Os resultados ilustrados acima pelo caso clínico apresentado é apenas um exemplo


representativo dos resultados de 20 anos de experiência clínica usando terapia
transgeracional. Os resultados da psicoterapia transgeracional são frequentemente
muito impressionantes porque as pessoas passam a estar conscientes deste padrões
que têm estado a ser repetidos na família, uma geração após a outra, e entendem que
eles próprio já não têm de repetir parara honrar e ser leais aos seus amados e
traumatizados antepassados. Sugere um Stress Pós-Traumático que é transmitido
tanto filogenética como ontogeneticamente, com multiplos factores a ter em conta pelas
teoria mencionadas neste artigo, que tendem a reforçar os hábitos adquiridos do
sistema familiar.

Não é inevitável aceitar-se este fado sobre nós e que nós tenhamos que ser
perseguidos e controlados pelos “fantasmas” das gerações precedentes. Quando uma
“lealdade invisível” está a condicionar a nossa liberdade e a acorrentar-nos, é
necessário torna-la visível e parar indesejáveis, infelizes, pouco saudáveis – mortais ás
vezes – repetições de traumas, mortes ou doenças.

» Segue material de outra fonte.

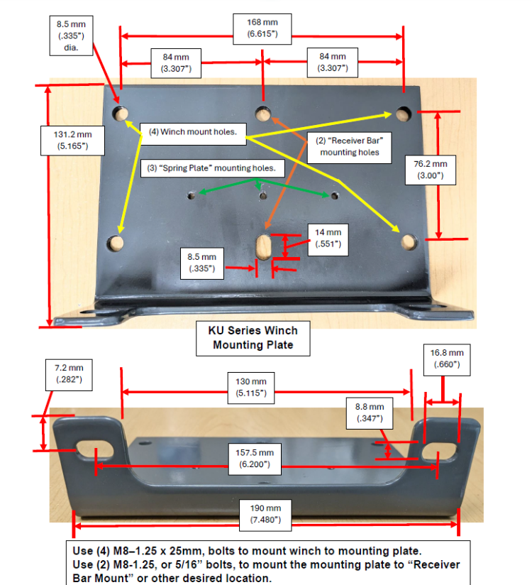 The curved plate is held onto the mounting plate with 3 screws and locking washers. The curve of it will be orientated towards the rear of the winch and keeps tension on the rope when the unit is put into Free-spool mode (clutch released), this prevents the rope from doing what we call “Birds Nest” or releasing all of its tension and making a big mess of the rope. This will apply a small amount of pressure against the winch / mounting plate when the customer attempts to mount it with the mounting bolts.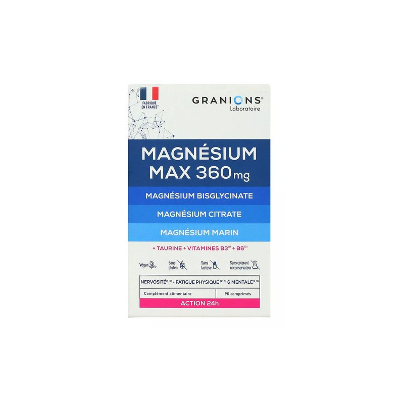 Magnesio Max 360 mg es un complemento alimenticio del laboratorio Granions en forma de comprimidos, para el nerviosismo y la fatiga física y mental.

“Recuperando a história familiar através de conversas com familiares e fazendo


pesquisa para descobrir as histórias abertas e escodidas, poderão ajudar uma pessoa
a tornar-se mais madura, a libertar-se, a ser, a pensar, a avaliar ou reavaliar, a escolher
e a tornar-se a sua própria pessoa – lembrando-se do passado, mas livre de escolher o
seu próprio futuro (Schutzenberger,2007).

Através do psicodrama, do átomo familiar e do genosociograma temos poderosas


ferramentas para decifrar e transformar esta outrora rede invisível de fenómenos, de
libertar alguns “enredos” e a reforçar os recursos dos nossos pacientes.